= Barrie Lambert =

Physician and medical administrator

Dame Florence Barraclough Lambert DBE (13 August 1871 - 11 December 1957), commonly known as Barrie Lambert or Florence Barrie Lambert, was an English nurse, later physician and public health administrator.

Lambert was born in Northwick Park, Harrow, London, the daughter of Thomas Henry Lambert, a solicitor and coal importer, and his wife, Sarah Ann (née Harrison). She was educated in France and then trained as a nurse at the London Hospital from 1895 to 1898.

From 1899 to 1901, she served in the South African War as a nursing sister with the Imperial Yeomanry. On her return to England she trained as a doctor at the London School of Medicine for Women, qualifying as MBBS from the University of Durham in 1906. In 1907, she obtained a Diploma in Public Health from the University of Cambridge.

With a private income, Lambert devoted much time to voluntary child welfare work, becoming honorary director of the Central Council for Infant and Child Welfare, honorary secretary of the Central Council for the Care of Cripples, and a member of council of the Invalid Children's Aid Society. She undertook postgraduate study in physical medicine at Stockholm University and then obtained her first paid medical position as physician-in-charge of the mechano-therapeutic department of the Charing Cross Hospital in London and worked in the departments at St Mary's Hospital and the Royal Free Hospital.

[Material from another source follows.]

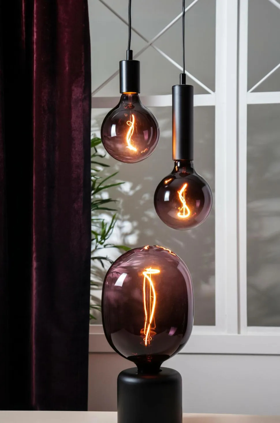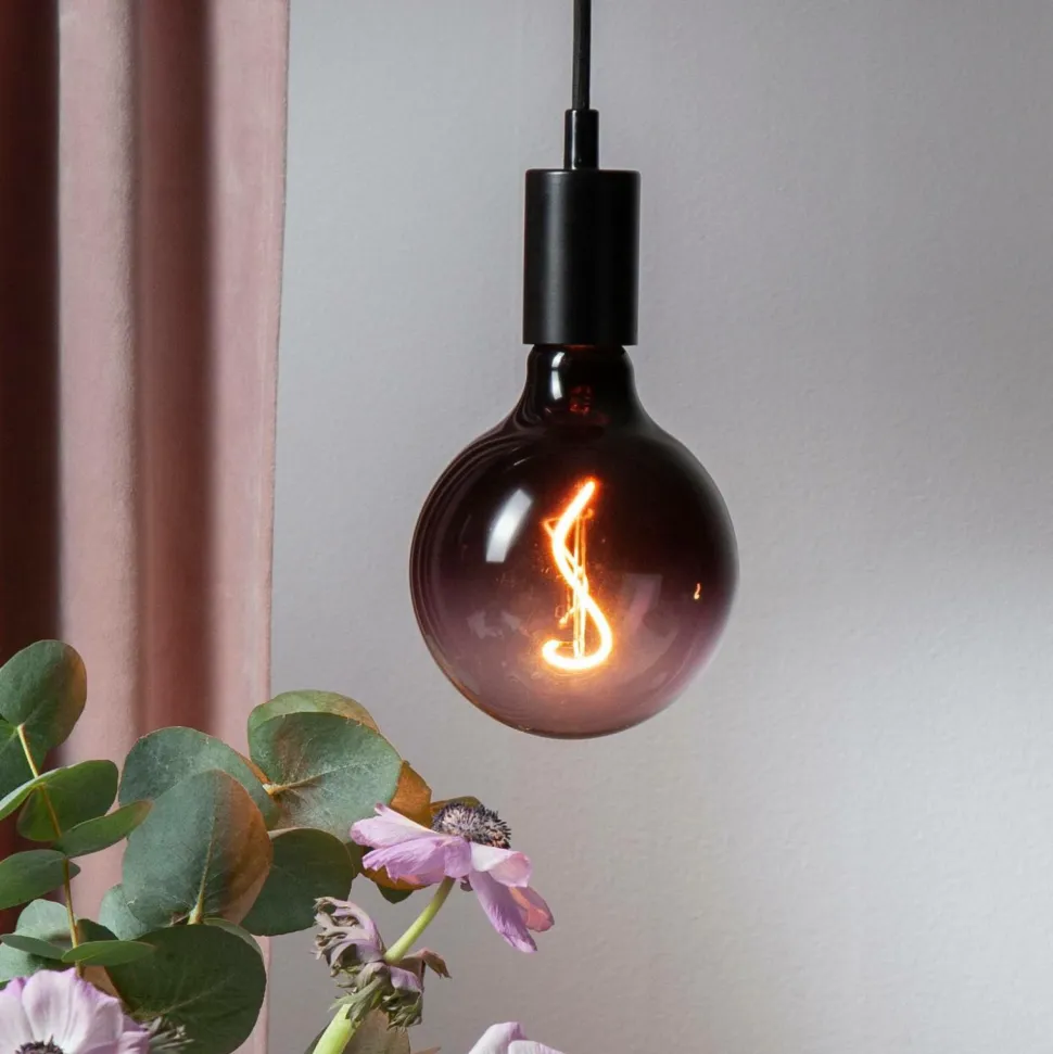 Lækker led-lampe med spændende form og tofarvet glas. 125 mm i diameter. Giver et hyggeligt og varmt skær. Perfekt til dekorativ belysning og passer perfekt i vores ledningssæt eller lampefødder. Hætte: e27. Farvetemperaturen er 1600k og lysstrømmen 60lm.kompatibel med lysdæmper.

In 1915, she was appointed Inspector of Military Massage and Electrical Services in the Royal Army Medical Corps with the honorary rank of major and also became a member of the Electro-Medical Committee of the War Office. She held these posts throughout the rest of the First World War until, in 1919, she was appointed a medical officer with the new Ministry of Health, responsible for the inspection of local authority child welfare and orthopaedic services throughout the country. She was appointed Commander of the Order of the British Empire (CBE) in January 1920 for her wartime services.

In 1921, however, she resigned to enter politics. In March 1922 she was elected an alderman of London County Council for the Municipal Reform Party (Conservative Party from 1945) and almost immediately joined the Public Health Committee, chairing it from 1928. In 1930, it became the Central Health Committee and later the Hospital and Medical Services Committee and took over the 76 hospitals formerly administered by the Metropolitan Asylums Board.

She remained chairman until 1934, when the Municipal Reform Party lost its majority, but continued to sit on the committee and co-operate closely with her successor as chairman, Somerville Hastings. In 1938, she was appointed Dame Commander of the Order of the British Empire (DBE).

With the creation of the National Health Service in 1948, she was appointed to the South-East Metropolitan Regional Hospital Board and chaired the Nursing Committee. She also continued to sit on the LCC Health Committee until she resigned from the council in 1952. She was also vice-president of the Medical Defence Union.

Lambert died, unmarried, at her home at 1 Langton Ridge, Langton Green, Kent, on 11 December 1957, aged 86.